Department of Physics, School of Science, Tianjin University, Tianjin 300072, China.
Frontiers Science Center for Synthetic Biology and Key Laboratory of Systems Bioengineering (Ministry of Education), Tianjin University, Tianjin 300072, China.
Brief Bioinform. 2023 Nov 22;25(1). doi: 10.1093/bib/bbad432.

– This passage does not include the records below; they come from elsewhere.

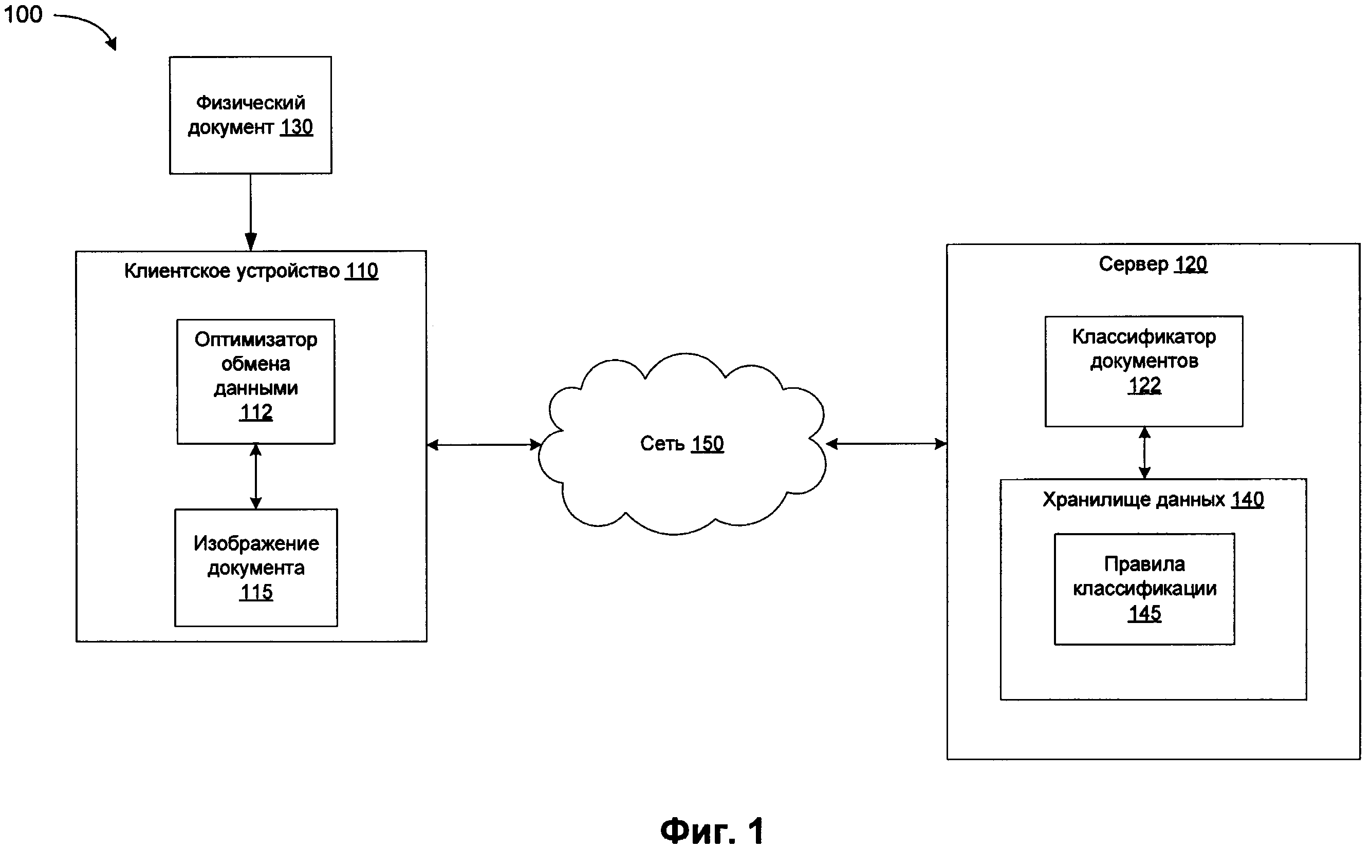 1. Способ оптимизации обмена данными между клиентским устройством и серверным устройством, включающий: получение обрабатывающим устройством, встроенным в клиентское устройство, исходного изображения физического документа; создание на основе исходного изображения уменьшенного файла, который значительно меньше исходного изображения по размеру и содержит данные, указывающие на тип документа; отправку на серверное устройство первого запроса на получение информации, относящейся к типу документа для физического документа, при этом первый запрос содержит уменьшенный файл; получение от серверного устройства информации о расположении, по меньшей мере, одной части исходного изображения, которая содержит, по меньшей мере, один элемент содержимого физического документа, при этом такая информация о расположении формируется на основе типа документа; исходя из информации о расположении, извлечение, по меньшей мере, одной части исходного изображения для создания, по меньшей мере, одной извлеченной части исходного изображения; отправку на серверное устройство второго запроса на, по меньшей мере, один элемент содержимого, при этом второй запрос содержит, по меньшей мере, одну извлеченную часть исходного изображения; при получении от серверного устройства, по меньшей мере, одного элемента содержимого - предоставление, по меньшей мере, одного элемента содержимого для отображения на клиентском устройстве. 2. Способ по п. 1, отличающийся тем, что информация о расположении содержит координаты ограничивающего прямоугольника для, по меньшей мере, одной части исходного изображения, содержащей, по меньшей мере, один элемент содержимого. 3. Способ по п. 2, дополнительно включающий: получение от серверного устройства типа документа для физического документа; определение на основе типа документа, по меньшей мере, одного элемента содержимого для документа; отправку на серверное устройство третьего запроса на координаты ограничивающего прямоугольника, по меньшей мере, одного элемента содержимого. 4. Способ по п. 1, отличающийся тем, что создание уменьшенного файла включает следующие операции: преобразование исходного изображения, которое может включать, по меньшей мере, одну из следующих операций: конвертацию цветного изображения в полутоновое, цветного изображения в черно-белое, операцию сжатия данных, операцию уменьшения разрешения изображения или операцию бинаризации. 5. Способ по п. 1, отличающийся тем, что создание уменьшенного файла включает выбор фрагмента исходного изображения в качестве уменьшенного файла. 6. Способ по п. 1, отличающийся тем, что, по меньшей мере, одна извлеченная часть исходного изображения имеет такое же разрешение, как исходное изображение. 7. Способ по п. 1, также включающий: предоставление, по меньшей мере, одного элемента содержимого, по меньшей мере, одному из приложений, выполняющихся на клиентском устройстве, или приложению, выполняющемуся на серверном устройстве. 8. Способ по п. 1, также включающий: сохранение, по меньшей мере, одного элемента содержимого в хранилище данных на клиентском устройстве. 9. Способ по п. 1, отличающийся тем, что исходное изображение содержит видеопоток из множества кадров изображений, и отличающийся тем, что информация о расположении включает информацию, позволяющую определить, по м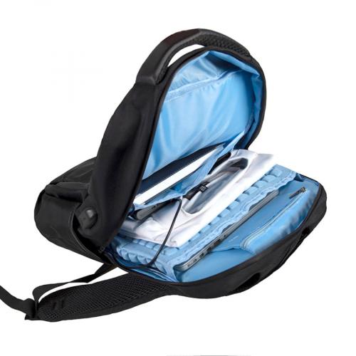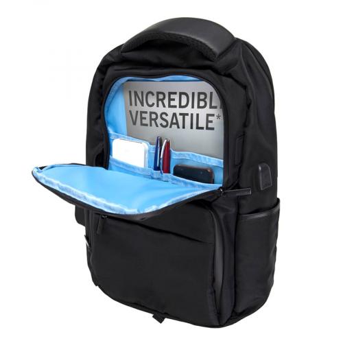 Основная ткань: цвет, близкий к Pantone Black C. · Основная ткань: 100% полиэстер, подкладка: 100% полиэстер · Объём: 19 литров · Вмещает ноутбук 15,6" Описание: · Сочетание основного прочного водоотталкивающего материала и яркой контрастной подкладки · Водонепроницаемые молнии с лазерным кроем · Три дополнительных внешних кармана на молнии · Два боковых кармана · Внутри укрепленный отдел для ноутбука · Специальный RFID карман с системой защиты от несанкционированного считывания персональных данных · Внутренние карманы-сетки и карман-органайзер для дополнительного хранения · USB порт для подзарядки вашего устройства (внутри рюкзака расположен кабель для соединения с power bank) · Силиконовая нашивка для проводов от наушников · Специальная стропа на спинке для крепления на выдвижной ручке чемодана · Эргономичная спинка и лямки рюкзака из вентилируемого материала · Укрепленная ручка рюкзака · Карманы для проездных карт на лямке рюкзака · Светоотражатели на лямках рюкзака для обеспечения безопасности · Лямки прошиты дополнительными стропами в быстро изнашиваемых местах, которые можно отрегулировать по длине и зафиксировать пластиковыми крепежами · Брендированные металлические пуллеры Bag Fly · Жаккардовый логотип Bag Fly внутри · Картонный ярлык Bag Fly · Внутрь рюкзака вложена сумка из нетканого материала для хранения · Упаковка: прозрачный пакет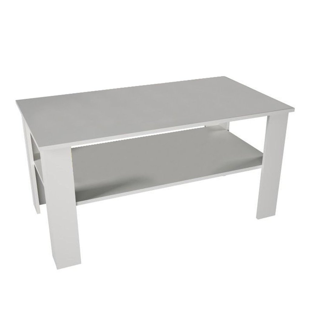 Konferenčný stolík v bielom prevedení s rozmermi 110x60x55 cm je vyrobený z kvalitnej laminovanej DTD. Hrúbka materiálu je 16 mm. Dodávaný v demonte, ideálny do každého interiéru.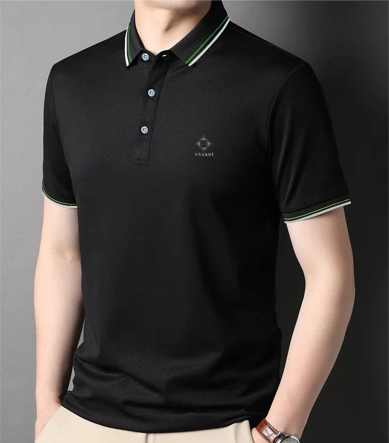 Polo Décontracté à Manches Courtes – Coupe Slim – Black Avec Trait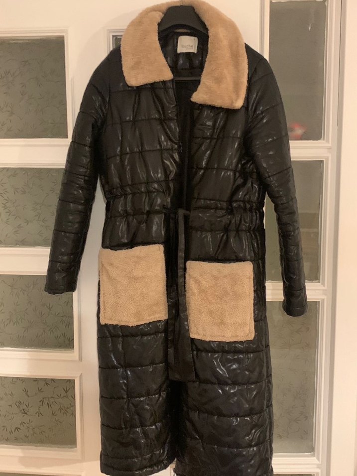 Bu kadın uzun deri kışlık mont, rahat kürk yakası ve büyük ön kürk cepleri ile dikkat çeker. Regular fit ve kesik yaka tasarımına sahiptir.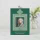 This traditional Irish Catholic memorial design features a Celtic cross and knotwork frame in white set against a deep green backdrop, symbolising eternal life and the Christian heritage of the faithful departed. The Chi-Rho monogram affirms the hope of the Resurrection through Christ. Ideal for wakes, funeral Masses, and remembrance keepsakes, this layout beautifully honours the life of a beloved daughter of the Church with solemnity and grace.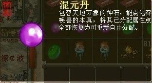 无题混元丹 《大话2》游戏物品 本词条是多义词,共2个义项 混元丹是洗除召唤兽属性点物品,召唤兽使用后,可一次性将召唤兽所有已分配属性点恢复为可分配点数,比之神之石各有利弊。 中文名 混元丹 外文名 Mixed yuan Dan 性质 洗除召唤兽属性点物品 方式 天庭任务 混元丹获得方式 混元丹可以通过以下大话西游2任务获得:天庭任务、鬼王任务、修罗任务(要求110级及以上)、日常任务、国庆任务、五一任务、周末任务、大闹天宫任务。 另外此物品为常见物品,也可以在普通活动任务获得。玩家需要物品栏有空的时候才能有获得的机会。[1]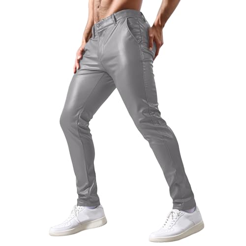 Pantalon Cuir Homme Vintage- Pantalon Disco Homme Chic Et Élégant Couleur Unie Moulant Décontracté De Travail Pants Extérieur Polyvalent Leggings pour Carnaval Fête
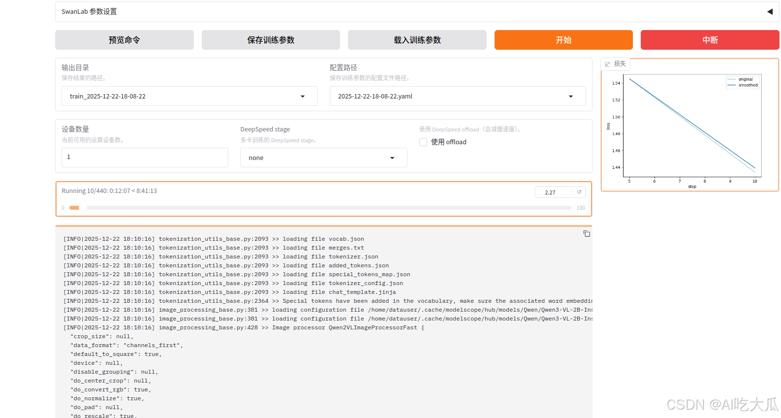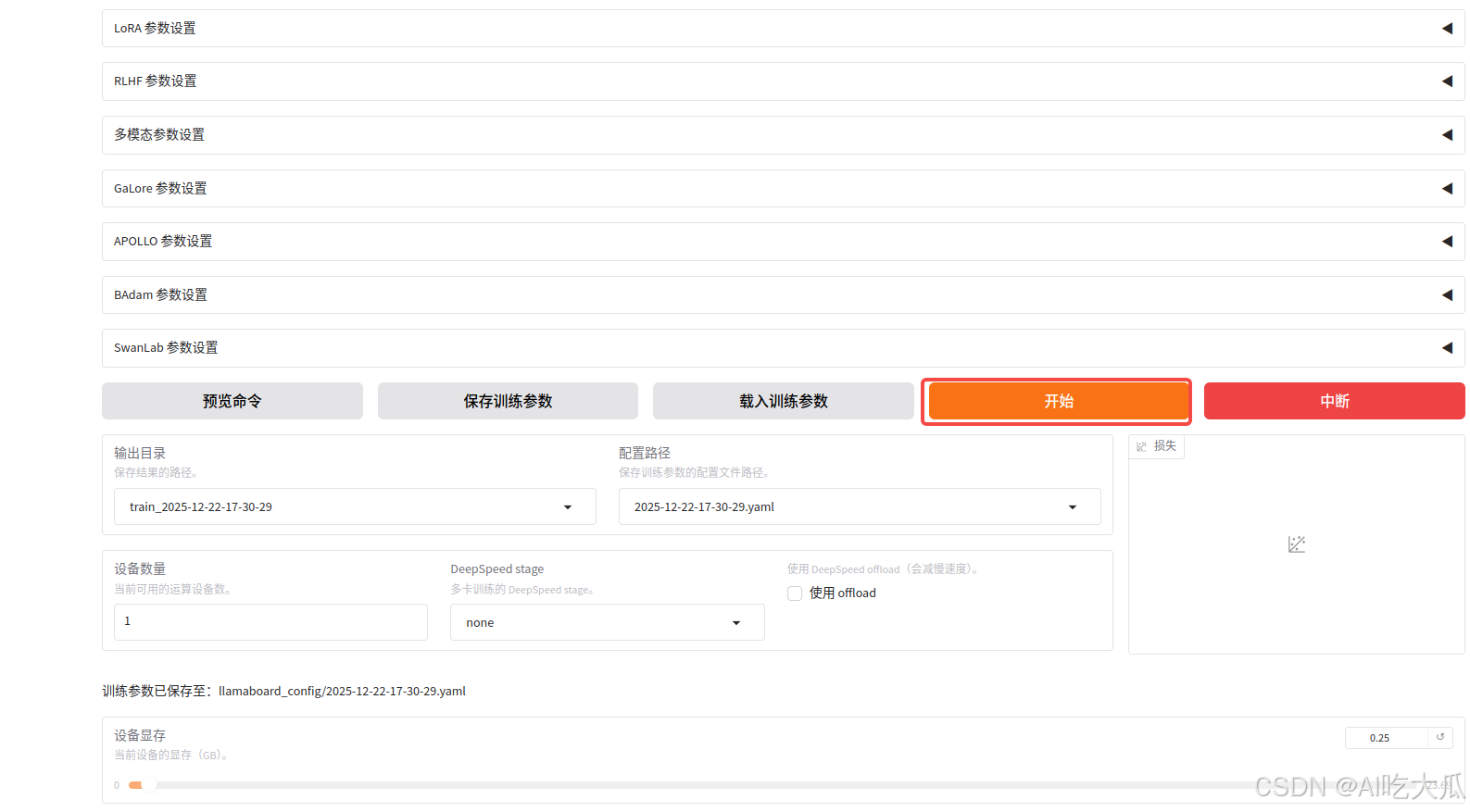 - 开始: 一切准备好后,点击开始训练

Accurate identification of replication origins (ORIs) is crucial for a comprehensive investigation into the progression of human cell growth and cancer therapy. Here, we proposed a computational approach Ori-FinderH, which can efficiently and precisely predict the human ORIs of various lengths by combining the Z-curve method with deep learning approach. Compared with existing methods, Ori-FinderH exhibits superior performance, achieving an area under the receiver operating characteristic curve (AUC) of 0.9616 for K562 cell line in 10-fold cross-validation. In addition, we also established a cross-cell-line predictive model, which yielded a further improved AUC of 0.9706. The model was subsequently employed as a fitness function to support genetic algorithm for generating artificial ORIs. Sequence analysis through iORI-Euk revealed that a vast majority of the created sequences, specifically 98% or more, incorporate at least one ORI for three cell lines (Hela, MCF7 and K562). This innovative approach could provide more efficient, accurate and comprehensive information for experimental investigation, thereby further advancing the development of this field.
准确识别复制起始点(ORIs)对于全面研究人类细胞生长和癌症治疗至关重要。在这里,我们提出了一种计算方法 Ori-FinderH,该方法通过将 Z 曲线方法与深度学习方法相结合,可以高效、准确地预测各种长度的人类 ORIs。与现有方法相比,Ori-FinderH 表现出优越的性能,在 10 倍交叉验证中,K562 细胞系的接收者操作特征曲线(AUC)面积达到 0.9616。此外,我们还建立了一个跨细胞系预测模型,进一步提高了 AUC 至 0.9706。该模型随后被用作遗传算法的适应度函数,以支持生成人工 ORIs。iORI-Euk 的序列分析表明,生成的序列绝大多数(超过 98%)至少包含三个细胞系(Hela、MCF7 和 K562)的一个 ORI。这种创新方法可以为实验研究提供更高效、准确和全面的信息,从而进一步推动该领域的发展。